Book a free ticket for guaranteed entry to the Museum at Tring. Visit us in Hertfordshire for free events, activities and galleries suitable for the whole family.

@alexwild The Musical Instrument Museum in Phoenix, Az holds a special place in my heart. Great exhibits of the greats instruments like Johnny Cash, John Lennons Imagine piano, Stevie Ray Vaughan and many more from around the world. They were also Hosting a Stradivarius exhibit during that visit. These instruments were in environmentally regulated cases and they each had videos of the individual instruments being played. Beautiful!
@alexwild Do Botanical Gardens count? Because so far (I haven't seen a few of the other "Big Ones" like Atlanta or Missouri) Chicago's Botanical Gardens is one of the top in the world for my money. Combine that with downtown's Shedd Aquarium, the Field Museum, and Adler Planetarium and Chicago has got it all going on for nerds.
@alexwild American Banjo Museum in Oklahoma City.

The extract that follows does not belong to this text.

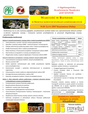 I O g ó l n o p o l s ka K o nf e r e n c j a Na uk o wa pod tytułem: W ARTOŚĆ W B IZNESIE W ŚWIETLE NOWYCH WYZWAŃ GOSPODARCZYCH 9-10 LUTY 2017 Kazimierz Dolny Konferencja ma na celu wymianę poglądów, przedstawienie wyników badań oraz zaprezentowanie dobrych praktyk w zakresie wspierania rozwoju i kreowania wartości przedsiębiorstw w procesach długofalowego rozwoju gospodarczego. Problematyka konferencji: Sekcja A. Czynniki przetrwania i rozwoju mikro i małych przedsiębiorstw (MMP) Formy uczestnictwa w konferencji Udział czynny (uczestnictwo + uroczysta kolacja + nocleg** + publikacja artykułu w j. polskim lub j. angielskim) Udział czynny 1 dzień (uczestnictwo + uroczysta kolacja + publikacja artykułu w j. polskim lub j. angielskim) Koszt 800 zł/ 900 zł* 1. Uwarunkowania, czynniki i mierniki rozwoju gospodarczego. 2. Specyfika i ewolucja sektora MMP – konkurencyjność i innowacyjność. 3. Polityka administracji publicznej wobec mikro i małych przedsiębiorstw. 4. Źródła finansowania mikro i małych przedsiębiorstw. 5. Sektor bankowy a finansowanie projektów rozwojowych sektora MMP. Udział bierny (uczestnictwo + nocleg**) 500 zł 6. Rola funduszy europejskich w rozwoju przedsiębiorczości. Publikacja (bez uczestnictwa) 300 zł 7. Długotrwały rozwój a wsparcie legislacyjne i finansowe sektora MMP. Publikacja drugiego artykułu 300 zł Sekcja B. Dylematy w zarządzaniu i rozwoju średnich i dużych spółek (SDP) 1. Uwarunkowania rozwojowe średnich i dużych przedsiębiorstw. 600 zł * Wyższy koszt dla płatności realizowanych po 31.12.2016 **Opłata konferencyjna obejmuje nocleg w pokoju dwuosobowym. Istnieje możliwość zakwaterowania w pokoju jednoosobowym. Dopłata do pokoju jednoosobowego wynosi 200 zł. 2. Wycena wartości SDP. 3. Giełda papierów wartościowych jako źródło pozyskiwania kapitału Najlepsze artykuły, w zależności od poruszanej przez przedsiębiorstwa. tematyki, wydane zostaną w czasopismach: Zastosowanie narzędzi i systemów informatycznych w zarządzaniu Przegląd Organizacji (13 punktów) 4. organizacją. Finanse Komitetu Nauk o Finansach PAN (12 punktów) 5. Zrównoważony rozwój i społeczna odpowiedzialność sektora SDP. Applied Computer Science (11 punktów) – 6. Strategie biznesowe podmiotów z sektora SDP. artykuły anglojęzyczne 7. Dylematy zarządzania średnimi i dużymi przedsiębiorstwami. International Journal of Synergy and Research Sekcja C. Rola jednostek sektora publicznego i instytucji otoczenia biznesu (6 punktów) w długofalowym rozwoju przedsiębiorstw Pozostałe artykuły zostaną wydane w formie 1. Funkcjonowanie systemu finansów publicznych. monografii naukowej w języku polskim (5 punktów 2. Bezpieczeństwo ekonomiczne państwa. wg MNiSW) lub w języku angielskim (punktacja 3. Stabilność i rozwój rynku finansowego. zgodna z wytycznymi MNiSW). 4. Funkcjonowanie giełd papierów wartościowych. Zgłoszenia, na podstawie wypełnionego formularza 6. Uwarunkowania funkcjonowania funduszy inwestycyjnych i towarzystw zgłoszeniowego i rozszerzonego ubezpieczeniowych. przyjmowane są do dnia 31.12.2016. Współczesne determinanty rozwoju systemu ochrony zdrowia. 7. Dylematy zarządzania w jednostkach sektora finansów publicznych 5. i instytucjach otoczenia biznesu. abstraktu, Dodatkowe informacje dostępne na stronie kfir.pollub.pl Patronat medialny: WARTOŚĆ W BIZNESIE W ŚWIETLE NOWYCH WYZWAŃ GOSPODARCZYCH Hotel Kazimierzówka, w którym odbędzie się konferencja, to urokliwe miejsce, położone w kameralnym zakątku Kazimierza Dolnego. Do dyspozycji gości oprócz komfortowej sali konferencyjnej, w której odbędą się poszczególne sesje wystąpień, będzie dostępny kompleks Wellness & Spa proponujący saunę fińską, łaźnie parową (hammam), salę relaksu oraz jacuzzi. Dla prelegenta najlepszego wystąpienia przyznana zostanie nagroda specjalna w postaci indywidualnego zabiegu Spa. Dla Uczestników konferencji Hotel Kazimierzówka przygotował specjalną ofertę noclegów umożliwiającą przedłużenie pobytu w Kazimierzu Dolnym. Pytania w tej sprawie prosimy kierować na adres: [email protected]. Rada programowa: dr hab. inż. Artur Paździor, prof. PL – przewodniczący (Politechnika Lubelska) dr hab. Teresa Bednarczyk, prof. UMCS (Uniwersytet Marii Curie-Skłodowskiej w Lublinie) prof. dr hab. Aurelia Bielawska (Uniwersytet Szczeciński) prof. dr hab. Ewa Bojar (Politechnika Lubelska) dr hab. Stanisław Brzeziński, prof. PCz. (Politechnika Częstochowska) dr hab. Wiesława Caputa, prof. Pol. Śl. (Politechnika Śląska) prof. dr hab. inż. Tadeusz Dudycz (Politechnika Wrocławska) dr inż. Arkadiusz Gola (Politechnika Lubelska) prof. dr hab. Jacek Grzywacz (Szkoła Główna Handlowa w Warszawie) dr hab. Wiesław Janik, prof. PL (Politechnika Lubelska) dr hab. Dorota Jelonek, prof. PCz (Politechnika Częstochowska) dr Rachael Khansa (Modern University for Business and Science, Liban) dr hab. Izabela Krawczyk-Sokołowska, PCz. (Politechnika Częstochowska) dr Magdalena Maciaszczyk (Politechnika Lubelska) prof. dr hab. Krzysztof Marecki (Szkoła Główna Handlowa w Warszawie) dr Krzysztof Markowski (Urząd Statystyczny w Lublinie) prof. dr hab. Elżbieta Mączyńska (Polskie Towarzystwo Ekonomiczne - Prezes Zarządu) PhD Bohuslava Mihalčová, prof. Ing.(University of Economics in Bratislava) dr Magdalena Miszczuk (Politechnika Lubelska) dr hab. Wojciech Misztal, prof. UMCS (Uniwersytet Marii Curie-Skłodowskiej w Lublinie) dr hab. Błażej Prusak (Politechnika Gdańska) CSc. Michal Pružinský, prof. Ing. (University of Economics in Bratislava) dr hab. Anna Rakowska, prof. UMCS (Uniwersytet Marii Curie-Skłodowskiej w Lublinie) dr Paweł Rydzewski (Uniwersytet Marii Curie-Skłodowskiej w Lublinie) dr hab. inż. Magdalena Rzemieniak, prof. PL (Politechnika Lubelska) dr hab. Adam Sadowski, prof. UwB (Uniwersytet w Białymstoku) dr Ilona Skibińska-Fabrowska (Narodowy Bank P

That was a pleasant surprise!
@alexwild The National Museum of Military History here in Johannesburg. Some rare aircraft and vehicles, and great displays.

@alexwild Hard to choose, but I'll go with Musée Mécanique in San Francisco. It's a wonderful quirky place (and a labor of love) which brings back happy memories from childhood and playing with such things at the penny arcade at Euclid Beach when visiting my grandparents.
https://museemecanique.com/story

#museums #SFBA #Cleveland

@alexwild
Two come to mind immediately, and they are opposite ends of the museum spectrum. First, the Cleveland Museum of Art. Free, world-class, big & clean. Second, House on the Rock. Not free, cramped, stuffed full of weird niche stuff and not really a museum.

@alexwild California Academy of Science

They have a lot of herpetology records for California, but they also have an incredible outreach to non-science citizens like me. It's a fun place to visit and learn.

And you can go to #Pier39 afterwards for dinner (not really walkable, but definitely busable).

@alexwild Now if you mean art museum (I assumed you meant Natural History), Crocker Museum of Modern Art in Sacramento.

You can't do it in a day, it takes at least two to really take it all in, but it's walking distance to hotels and Amtrak and I think Greyhound.

@alexwild the car museum in Reno because I was able to take pictures like this below and the cars were fun to see. I also love the Getty.
@alexwild I won't give the name but there is this small town museum somewhere in France where stuffed mammals have been amazingly mismatched with their glass eyes. The museum is really nice and informative, and a bit hilarious.